►

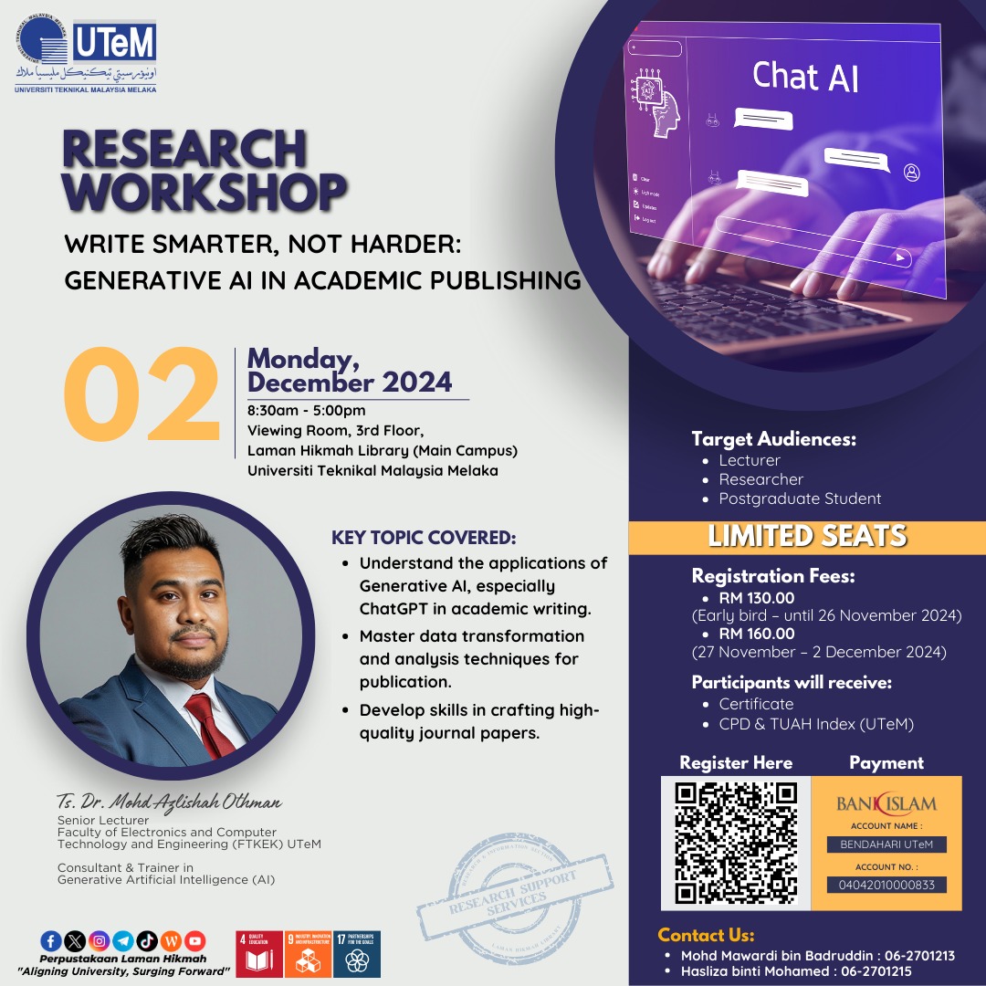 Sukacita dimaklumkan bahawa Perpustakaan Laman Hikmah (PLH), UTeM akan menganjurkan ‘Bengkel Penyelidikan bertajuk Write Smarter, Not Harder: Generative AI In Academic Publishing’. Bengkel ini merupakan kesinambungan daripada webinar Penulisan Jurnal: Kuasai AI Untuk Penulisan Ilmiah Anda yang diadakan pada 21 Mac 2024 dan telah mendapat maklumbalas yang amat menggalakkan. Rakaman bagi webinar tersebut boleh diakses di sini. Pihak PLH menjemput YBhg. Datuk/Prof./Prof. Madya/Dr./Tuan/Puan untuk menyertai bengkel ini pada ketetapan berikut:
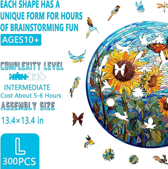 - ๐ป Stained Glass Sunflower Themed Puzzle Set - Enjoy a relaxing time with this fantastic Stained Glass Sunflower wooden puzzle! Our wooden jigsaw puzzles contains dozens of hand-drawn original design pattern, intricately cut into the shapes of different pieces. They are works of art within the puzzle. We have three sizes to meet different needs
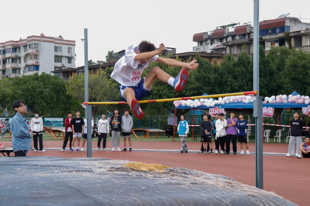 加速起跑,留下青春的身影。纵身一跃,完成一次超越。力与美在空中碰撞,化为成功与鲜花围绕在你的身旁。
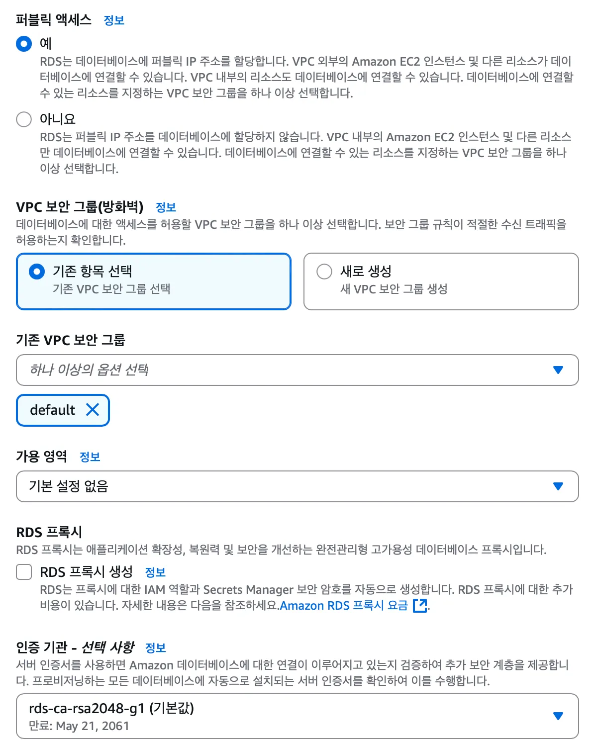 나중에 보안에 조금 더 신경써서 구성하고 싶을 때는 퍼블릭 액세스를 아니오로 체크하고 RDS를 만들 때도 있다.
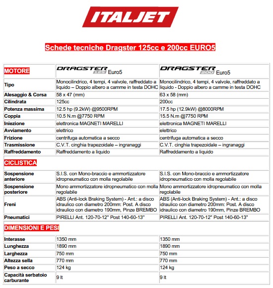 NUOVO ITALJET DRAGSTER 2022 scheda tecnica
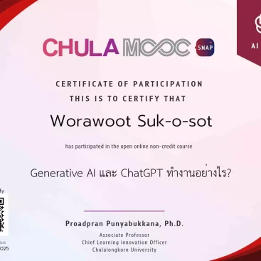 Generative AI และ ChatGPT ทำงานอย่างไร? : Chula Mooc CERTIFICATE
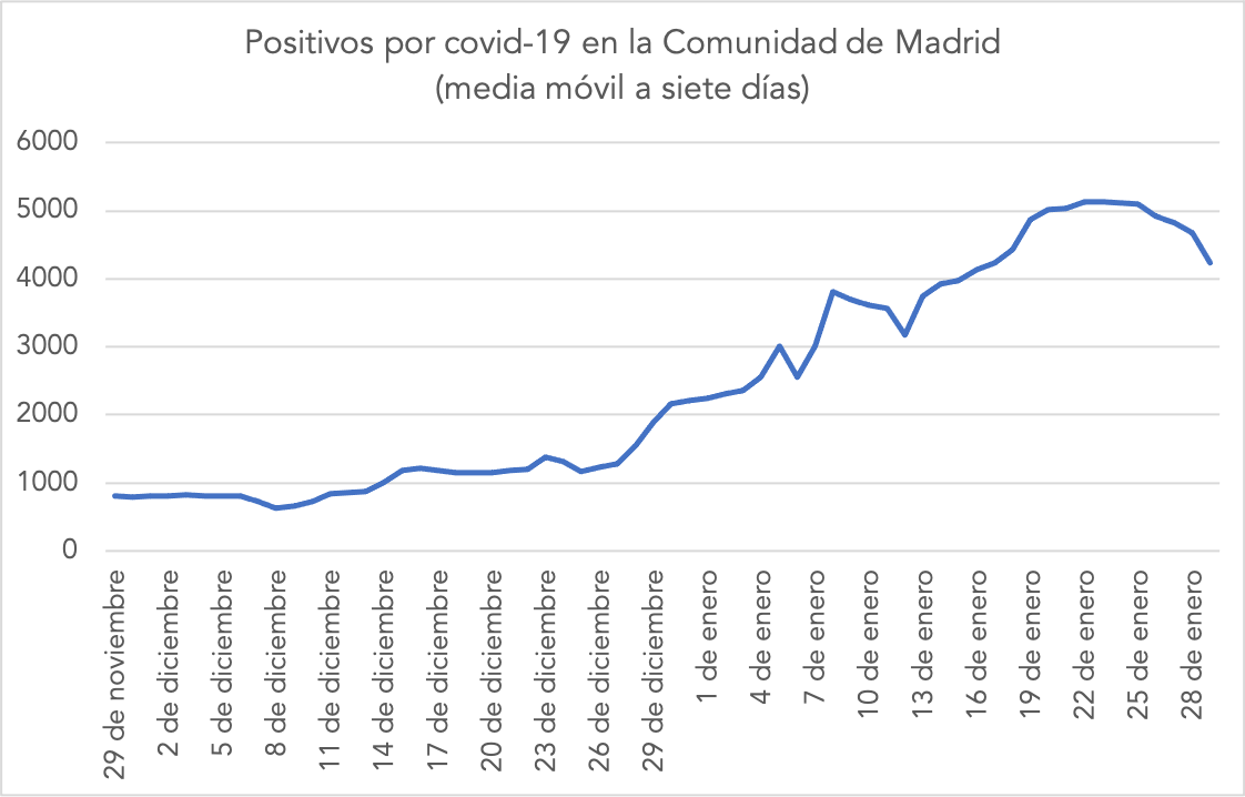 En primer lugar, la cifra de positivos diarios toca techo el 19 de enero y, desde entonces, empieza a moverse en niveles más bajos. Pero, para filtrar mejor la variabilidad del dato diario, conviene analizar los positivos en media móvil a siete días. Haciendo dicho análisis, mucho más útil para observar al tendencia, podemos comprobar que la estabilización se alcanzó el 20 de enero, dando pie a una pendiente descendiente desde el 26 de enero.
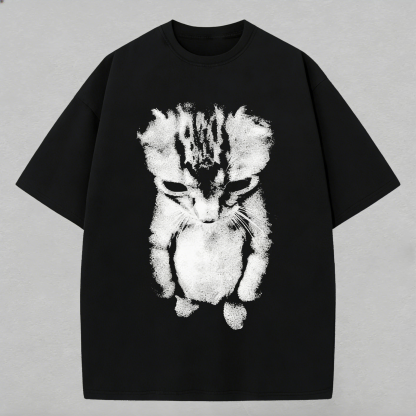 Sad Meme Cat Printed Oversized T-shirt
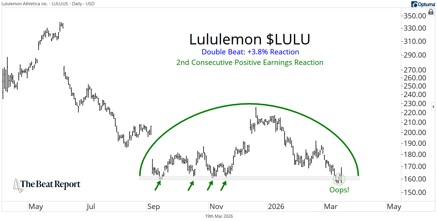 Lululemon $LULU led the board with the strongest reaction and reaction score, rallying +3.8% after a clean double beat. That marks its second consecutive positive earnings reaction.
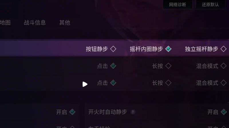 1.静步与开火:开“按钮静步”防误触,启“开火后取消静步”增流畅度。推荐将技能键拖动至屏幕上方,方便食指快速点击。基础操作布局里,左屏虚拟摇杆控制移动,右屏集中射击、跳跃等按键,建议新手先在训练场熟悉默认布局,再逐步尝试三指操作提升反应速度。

◄

* What you have to do
Using the entries above, transcribe exactly from the line that has "나중에 보안에 조금 더" through the line that has "Sad Meme Cat Printed Oversized T-shirt". Pictures are dropped.

* Result for this task
 나중에 보안에 조금 더 신경써서 구성하고 싶을 때는 퍼블릭 액세스를 아니오로 체크하고 RDS를 만들 때도 있다.
 NUOVO ITALJET DRAGSTER 2022 scheda tecnica
 Generative AI และ ChatGPT ทำงานอย่างไร? : Chula Mooc CERTIFICATE
 En primer lugar, la cifra de positivos diarios toca techo el 19 de enero y, desde entonces, empieza a moverse en niveles más bajos. Pero, para filtrar mejor la variabilidad del dato diario, conviene analizar los positivos en media móvil a siete días. Haciendo dicho análisis, mucho más útil para observar al tendencia, podemos comprobar que la estabilización se alcanzó el 20 de enero, dando pie a una pendiente descendiente desde el 26 de enero.
 Sad Meme Cat Printed Oversized T-shirt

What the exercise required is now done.